В нем шевельнулся рефлекторный ужас – хотя бояться уже нелепо, ведь эти конкретные слова ничуть не опаснее, чем изначальное решение завести дневник. Но на какое-то мгновение у него возник соблазн вырвать испорченные страницы и вообще отказаться от задуманного.
Однако Уинстон этого не сделал, потому что понимал: бесполезно. Напишет ли он «Долой Старшего Брата» или удержится – никакой разницы. Думнадзор все равно до него доберется. Он совершил – и все равно совершил бы, даже не коснувшись пером бумаги, – базовое преступление, из которого проистекали все остальные. Криводум – вот как оно называлось. Криводум невозможно скрывать вечно. Какое-то время, даже не один год, можно изворачиваться, но рано или поздно до тебя доберутся.

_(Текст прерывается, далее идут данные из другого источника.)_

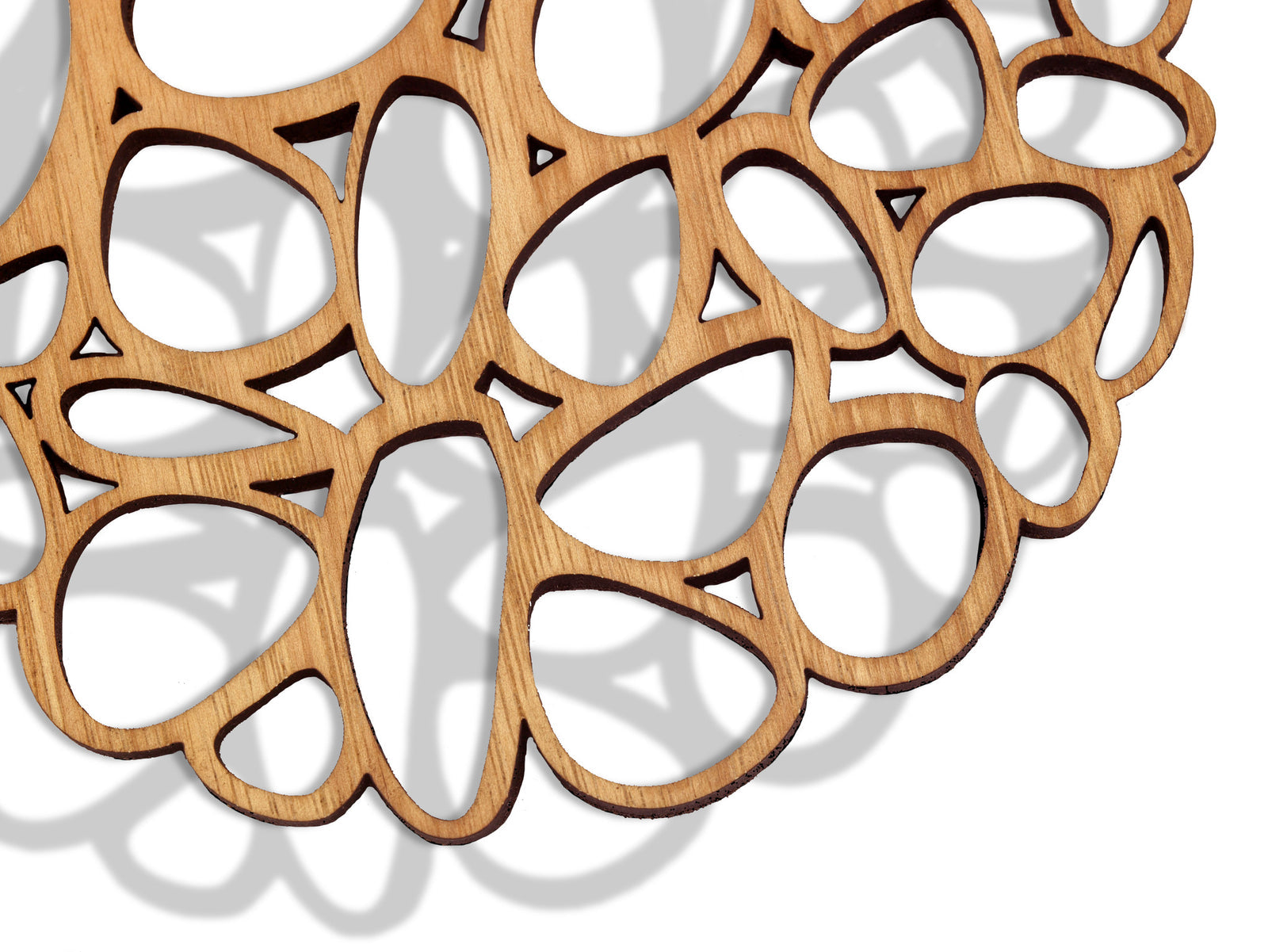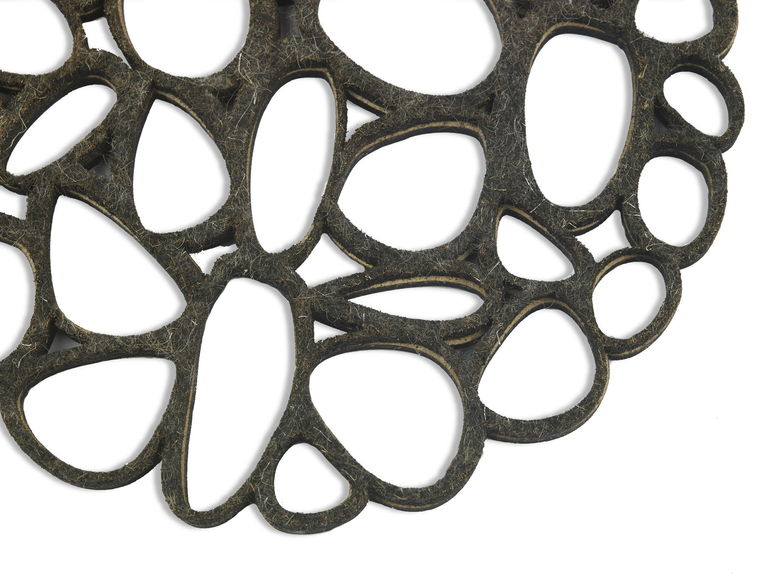 Each trivet is made from American Oak Hardwood Veneer and a composite core on one side and 100% Post-Consumer recycled felt (25% recycled carpet, 75% wool) on the other side. You’ll receive two 8” diameter TableTrivets that have been sealed with a natural, food-safe oil. The trivets are heat tolerant and water resistant but not water-proof.

Ночью, арестовывают неизменно ночью. Рывком из сна, грубая рука трясет за плечо, яркий свет в глаза, кольцо суровых лиц вокруг постели. В подавляющем большинстве случаев – никакого суда, никаких оповещений об аресте. Люди просто исчезают и всегда – в ночь. Имена вычеркиваются из списков, все следы стираются, само существование человека сначала отрицается, а потом забывается. Человека отменяют, обращают в ничто – «испаряют», так это принято называть.
На мгновение Уинстон впал в некое подобие истерики. Начал писать торопливо, неряшливо:
меня расстреляют ну и наплевать пустят пулю в затылок наплевать долой старшего брата они всегда стреляют в затылок наплевать долой старшего брата…
Уинстон откинулся на стуле. Ему стало немного стыдно за себя, и он отложил ручку. А в следующую секунду содрогнулся всем телом: в дверь постучали.
Уже! Он сидел тихо, как мышь, в напрасной надежде, что кто бы это ни был уйдет, не дождавшись ответа. Но нет, стук повторился. Тянуть время – хуже не придумаешь. Сердце Уинстона стучало, как барабан, но лицо по давней привычке ничего не выражало. Он поднялся и, тяжело ступая, направился к двери.
2.
Лишь взявшись за дверную ручку, Уинстон заметил, что оставил на столе открытый дневник, весь исписанный словами «Долой Старшего Брата», да так крупно, что их почти можно прочесть с другого конца комнаты. Невообразимая глупость. Он знал, однако, что даже в панике не захотел испачкать кремовую бумагу, захлопнув тетрадь, пока чернила еще не высохли.
Он втянул в себя воздух и открыл дверь. Тут же его накрыла теплая волна облегчения. Снаружи стояла бесцветная, погасшая женщина, морщинистая, с редкими волосами.
– Товарищ, – заныла она тоскливо, – не зря мне послышалось, что вы вернулись. Вы не зайдете к нам взглянуть на раковину в кухне? Засорилась она у нас, ну и…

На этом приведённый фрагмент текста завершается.